He held his ground, unmoving, until the energy of the crowd began to shift — the particular deflation of people realizing there was nothing left to extract here today. One by one, cameras lowered. The questions thinned, then stopped.

Only once the last of them had begun drifting back toward their vehicles did Mihir finally turn away, pulling out his phone.

Ritik picked up on the second ring.

“Factory ki security badha do,” Mihir said, without preamble. “Abhi. Jitni jaldi ho sake.”

His phone rang before he’d even fully turned back toward the car.

“Tum andar kyun nahi aaye?” Tulsi’s voice came through, tight with worry. “Mujhe laga tum peeche hi ho. Tum theek ho na? Press wale—”

“Haan, bilkul theek hoon,” Mihir said, already walking back toward the car, keeping his voice even for her benefit. “Woh log gaye. Aur Ritik se keh diya hai security badhane ke liye.” A pause. “Tum sab log bhi thoda alert rehna.”

“Hmm,” she said, the single sound carrying more than agreement — something close to relief, still not fully settled.

“Main nikalta hoon,” he said.

“Phone pe apna live location share karna mere saath,” she said, before he could hang up.

He almost smiled at that, despite everything. “Karta hoon.” A beat. “Lunch pe — sorry, date ke liye milte hain.”

Even now — phone still warm against her ear, the gate behind her only just having swung shut on a dozen raised cameras a couple of minutes ago — something in her eased at the word, the smallest, most involuntary smile tugging at her mouth before she could stop it.

“Date,” she repeated, mostly to herself, shaking her head slightly. Only he could manage that — turning a moment this tense into something almost giddy, without either feeling canceling the other out.

“Kya hua?” he asked, catching the pause.

“Kuch nahi,” she said, the smile still audible in her voice even as she tried to sound composed. “Bas — apna khayal rakhna. Milte hain.”

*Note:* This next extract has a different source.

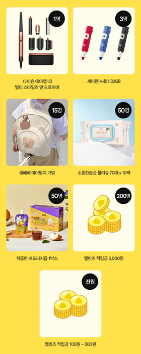 또한 ‘꽝 없는 경품 뽑기 이벤트’를 통해 고객 참여의 재미를 더했다. 엘빈즈 택배박스에 동봉된 쿠폰 번호 등록이나 출석체크 등을 통해 뽑기권을 받을 수 있으며, 주요 경품으로는 △다이슨 에어랩 I.D 멀티 스타일러 앤 드라이어(1명) △세이펜 4세대(3명) △쉐베베 미아방지 가방(10명) △소중한습관 물티슈(50명) 등 실생활에 도움이 되는 육아템들이 준비됐다.

She lowered the phone slowly, and for just a second, standing there with Vaishnavi and Aarti waiting a few steps away, the morning’s tension and the morning’s happiness sat together in her chest without either one needing to give way to the other.​​​​​​​​​​​​​​​​

-----

At quarter to two, Mihir pulled up outside the factory gates, scanning the street once, carefully, before getting out — no cameras, no lingering press, only the ordinary Saturday traffic of the road outside. Whatever security Ritik had arranged in the intervening hours seemed to have settled the matter, at least for now.

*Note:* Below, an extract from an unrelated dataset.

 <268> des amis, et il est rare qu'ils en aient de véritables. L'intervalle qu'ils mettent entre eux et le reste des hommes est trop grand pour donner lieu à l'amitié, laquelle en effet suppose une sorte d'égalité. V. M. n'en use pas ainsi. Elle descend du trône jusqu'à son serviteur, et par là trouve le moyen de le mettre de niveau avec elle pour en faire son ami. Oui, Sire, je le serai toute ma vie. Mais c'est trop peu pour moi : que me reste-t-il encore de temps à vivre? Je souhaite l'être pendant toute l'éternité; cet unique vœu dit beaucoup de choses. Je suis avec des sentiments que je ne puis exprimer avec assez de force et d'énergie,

Tulsi came out a few minutes later, and stopped short at the sight of him.

He’d changed — out of the casual t-shirt he’d worn all morning and into something considerably more deliberate, a crisp shirt, sleeves rolled with just enough care to look effortless rather than fussed over.

“Tum ghar jaake taiyaar hoke aaye kya?” she asked, sliding into the car, unable to keep the surprise out of her voice.

“Date hai,” Mihir said simply, as if this explained everything, pulling back out onto the road. “Thoda toh effort banta hai.“​​​​​​​​​​​​​​​​

She didn’t know how to respond to that.

“Tum taiyaar nahi hogi?” he asked, glancing at her as he drove.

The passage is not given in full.